You can complete a habit review by writing down everything you do in a day (weekend vs weekday) in a non-judgemental way.
Look at the tips below on how to make your positive habits easier to do
Try to add-up on the positive habits to crowd out the habits you aren’t as happy with rather than focusing on removing negative habits
Modify your environment to support your goals
If you like cookies, but them in a high cupboard that is a little more work to reach, and place fruit, nuts, or other snacks you want to increase easy to reach
If you identify a behaviour you want to change, use the tips below to make the habit harder
Habits and building systems are powerful ways to change, If you are someone who want to set goals, use the SMART structure. If you don’t like setting goals, just focus on systems and habits
Details
Atomic Habits by James Clear
This is a great book with some wonderful tips. Below are 3 lessons shared by James on his website:
Lesson 1: Small habits make a big difference
Even a 1% improvement is something you should be proud of. It is a vote towards the state and goals you want to achieve.
Lesson 2: Forget about setting goals. Focus on your system instead.
Think less about a specific goal and more about the system and processes you need in place to continuously improve. Using a sports example, Michael Jordan was not focused on the goal of winning a game, he was focused on the processes needed for him to be the best.
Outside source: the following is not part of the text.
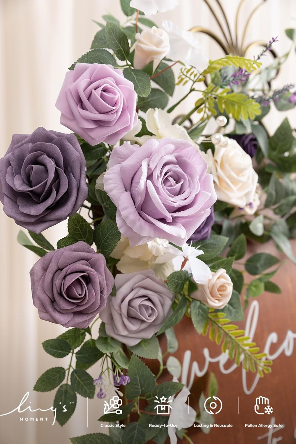 Ling's moment 2pcs Wedding Flowers Garland Artificial Floral Swag Arch Decorations Greenery Arrangements Lilac & Gold Ceremony Reception Garden Easel Wall Home Entryway Outdoor NOT Include Sign

Lesson 3: Build identity-based habits
Identify-based habits are a way to see or visualize the type of person you want to be, and then from there think about the actions and activities you would do to enforce the behaviours of that type of person. Using the example above, if you play basketball every day you may start to identify yourself as a basketball player. From there you can start to think about what a basketball player (like Michael Jordan) would do to continuously improve. Those processes can help you achieve identify-based habits.
Changing Habits
How to create a good habit:
The 1st law (Cue): Make it obvious.
The 2nd law (Craving): Make it attractive.
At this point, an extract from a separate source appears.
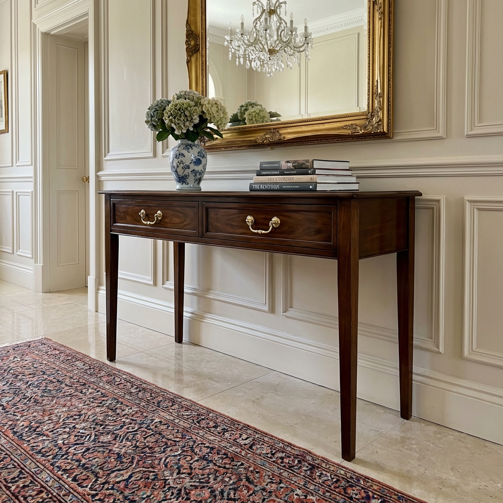Boya katmanları altında kaybolmuş ahşap dokusu ortaya çıkarıldı, pirinç kulplarla tamamlandı.

The 3rd law (Response): Make it easy.
The 4th law (Reward): Make it satisfying.
How to break a bad habit:
Inversion of the 1st law (Cue): Make it invisible.
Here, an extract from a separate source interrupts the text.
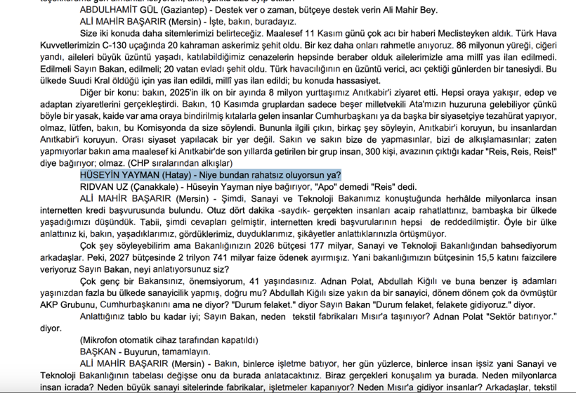 Bu ifadeler, TBMM TV canlı yayınında yer almadı ancak Meclis tutanaklarında kaydedildi.
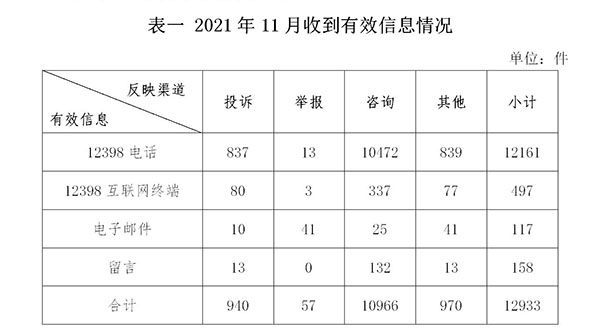 一、基本情況 2021年11月,國(guó)家能源局12398能源監(jiān)管熱線(以下簡(jiǎn)稱12398熱線)共收到有效信息12933件(包含投訴、舉報(bào)、咨詢和其他訴求類別),環(huán)比增加21.81%,同比增加34.93%。(2021年11月收到有效信息情況見表一)

Inversion of the 2nd law (Craving): Make it unattractive.
Inversion of the 3rd law (Response): Make it difficult.
Inversion of the 4th law (Reward): Make it unsatisfying.
SMART Goals
SMART stands for Specific, Measurable, Achievable, Relevant, and Time-bound.
Specific
What will you achieve? What will you do?
Measurable
What data will you use to decide whether you've met the goal?
Achievable
Are you sure you can do this? Do you have the right skills and resources?
Relevant
Does the goal align with those of your team or organization? How will the result matter?
Time-bound
What is the deadline for accomplishing the goal?